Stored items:
++++++
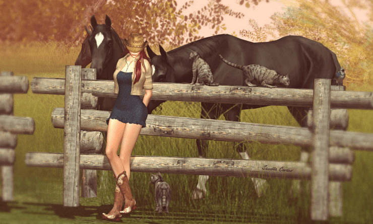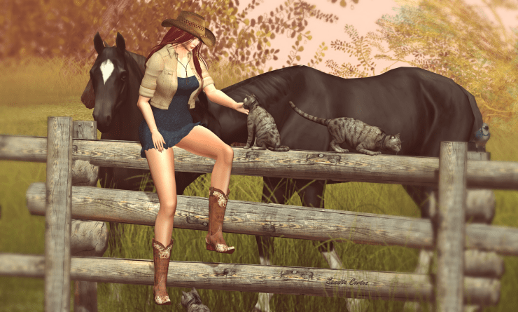 And to make the western look complete in clothing I matched this with the Lined Denim Jacket by Moz Designs. I played around with the sizes in the pack – I am wearing the Maitreya Body and
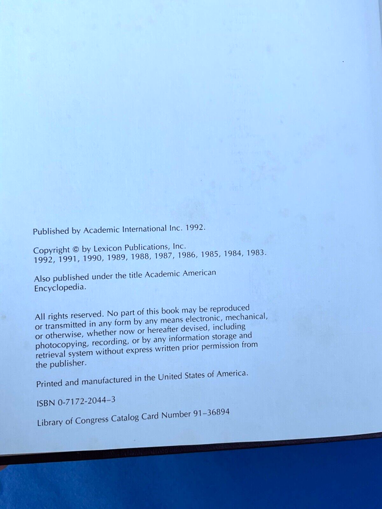 Academic International Encyclopedia Q-R 16 1992 Hardcover leather, no dust jacket Very good condition, no markings, no missing page, like new Copyright by Lexicon Publications, Inc. 1992,1991, 1990, 1989, 1987, 1986, 1985,1984,1983 ISBN 0-7172-2044-3 Printed in United States of America. 380 pages Please review all photos for better item description. Complete your collections today. Please have a look to my other listings. Thank you for visiting. WWW.4THEGIFTS.COM
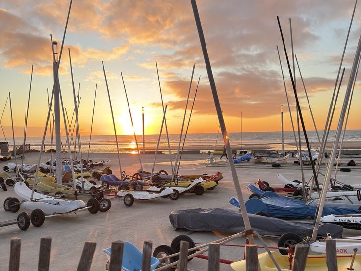 Dès l'aurore, donnez un coup d'accélérateur à votre cohésion d'équipe. Rien n'égale la sensation de liberté que procure le char à voile sur les immenses bancs de sable d'Hardelot-Plage.
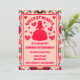 Uma carta retrorativa inspirou a Rainha dos Rosas e Alice no mundo maravilhoso, design de convite de aniversário temático em uma paleta colorida vermelha e rosa brilhante com rosas e detalhes de corações.
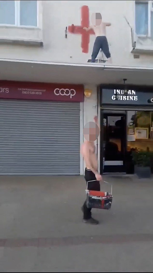 Footage widely circulated on social media shows two topless men painting red crosses on the white walls of flats above a row of shops and restaurants on a high street in Basildon, Essex.
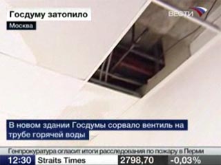 "В 01:00 ночи во вторник под напором воды сорвало вентиль, и вода хлынула с пятого этажа на нижние этажи; повреждено техническое оборудование, с помощью которого идет подсчет голосов при электронном голосовании в зале пленарных заседаний", - сообщили представители технической службы. Непосредственно под местом прорыва находятся помещения с оборудованием, отвечающим за систему подсчета голосов и обеспечение звуком пленарного заседания, уточнили сотрудники техслужбы.
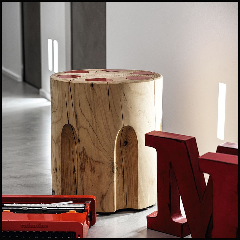 Tabouret Sparacuori de Riva1920. Conçu à partir d’un seul bloc de cèdre massif odoriférant,
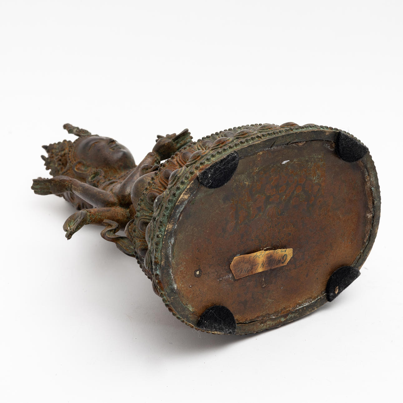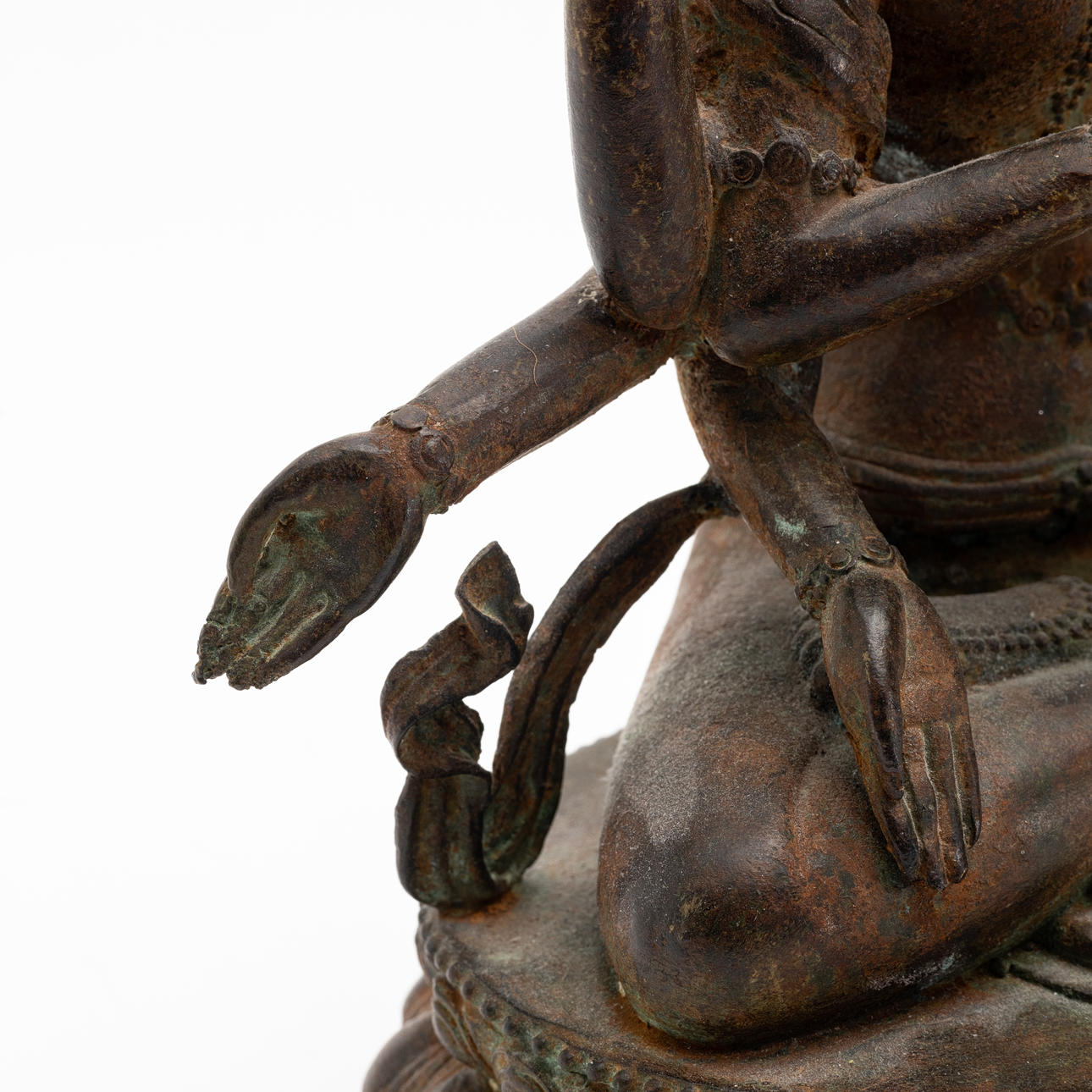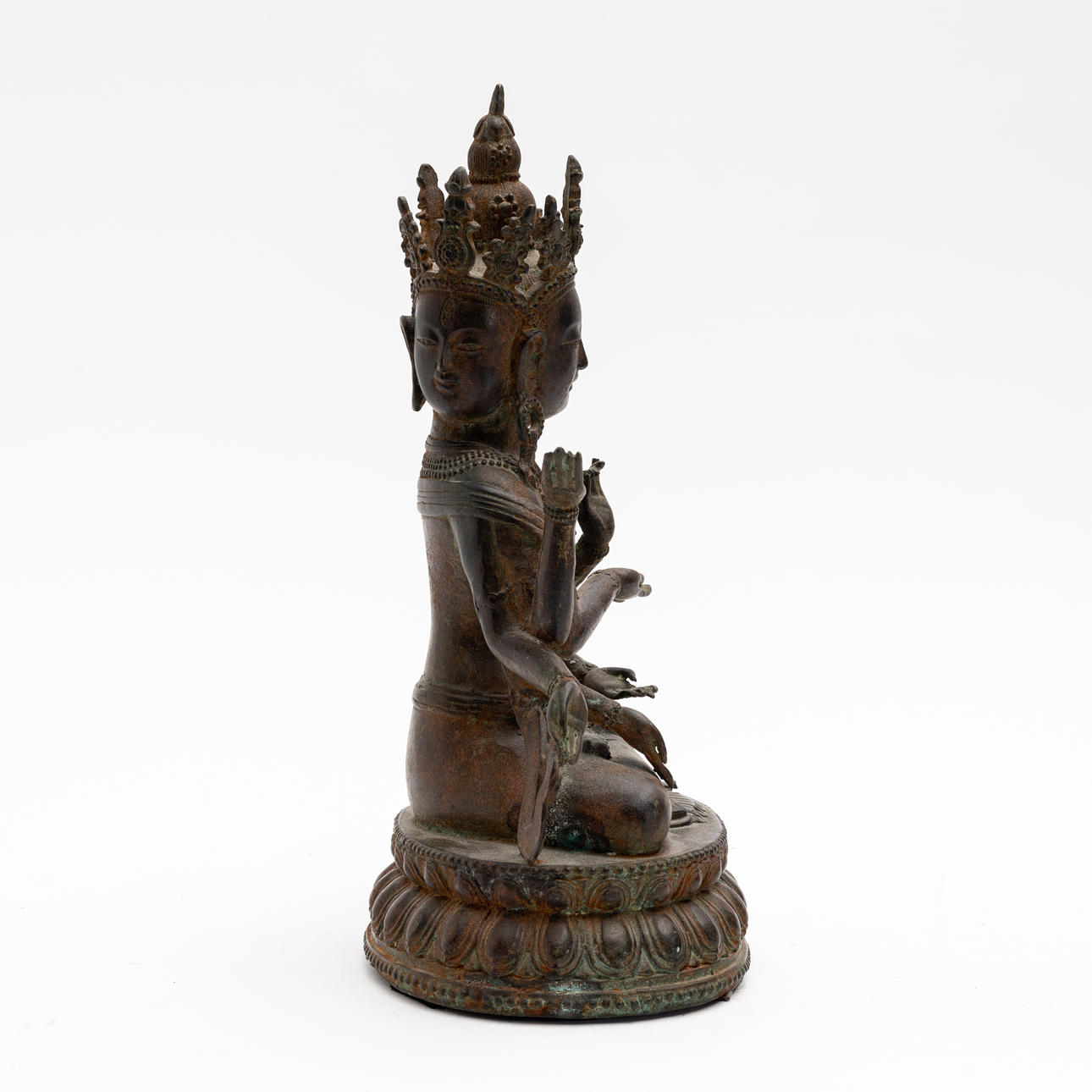 Drawn with three faces and eight arms, seated on double lotus throne. Height 29 cm. Condition Wear, some fingertips broken off. 308694
++++++
Work to complete: A faithful copy of the records above is needed, with the pictures left out.

Task response:
 And to make the western look complete in clothing I matched this with the Lined Denim Jacket by Moz Designs. I played around with the sizes in the pack – I am wearing the Maitreya Body and
 Academic International Encyclopedia Q-R 16 1992 Hardcover leather, no dust jacket Very good condition, no markings, no missing page, like new Copyright by Lexicon Publications, Inc. 1992,1991, 1990, 1989, 1987, 1986, 1985,1984,1983 ISBN 0-7172-2044-3 Printed in United States of America. 380 pages Please review all photos for better item description. Complete your collections today. Please have a look to my other listings. Thank you for visiting. WWW.4THEGIFTS.COM
 Dès l'aurore, donnez un coup d'accélérateur à votre cohésion d'équipe. Rien n'égale la sensation de liberté que procure le char à voile sur les immenses bancs de sable d'Hardelot-Plage.
 Uma carta retrorativa inspirou a Rainha dos Rosas e Alice no mundo maravilhoso, design de convite de aniversário temático em uma paleta colorida vermelha e rosa brilhante com rosas e detalhes de corações.
 Footage widely circulated on social media shows two topless men painting red crosses on the white walls of flats above a row of shops and restaurants on a high street in Basildon, Essex.
 "В 01:00 ночи во вторник под напором воды сорвало вентиль, и вода хлынула с пятого этажа на нижние этажи; повреждено техническое оборудование, с помощью которого идет подсчет голосов при электронном голосовании в зале пленарных заседаний", - сообщили представители технической службы. Непосредственно под местом прорыва находятся помещения с оборудованием, отвечающим за систему подсчета голосов и обеспечение звуком пленарного заседания, уточнили сотрудники техслужбы.
 Tabouret Sparacuori de Riva1920. Conçu à partir d’un seul bloc de cèdre massif odoriférant,
 Drawn with three faces and eight arms, seated on double lotus throne. Height 29 cm. Condition Wear, some fingertips broken off. 308694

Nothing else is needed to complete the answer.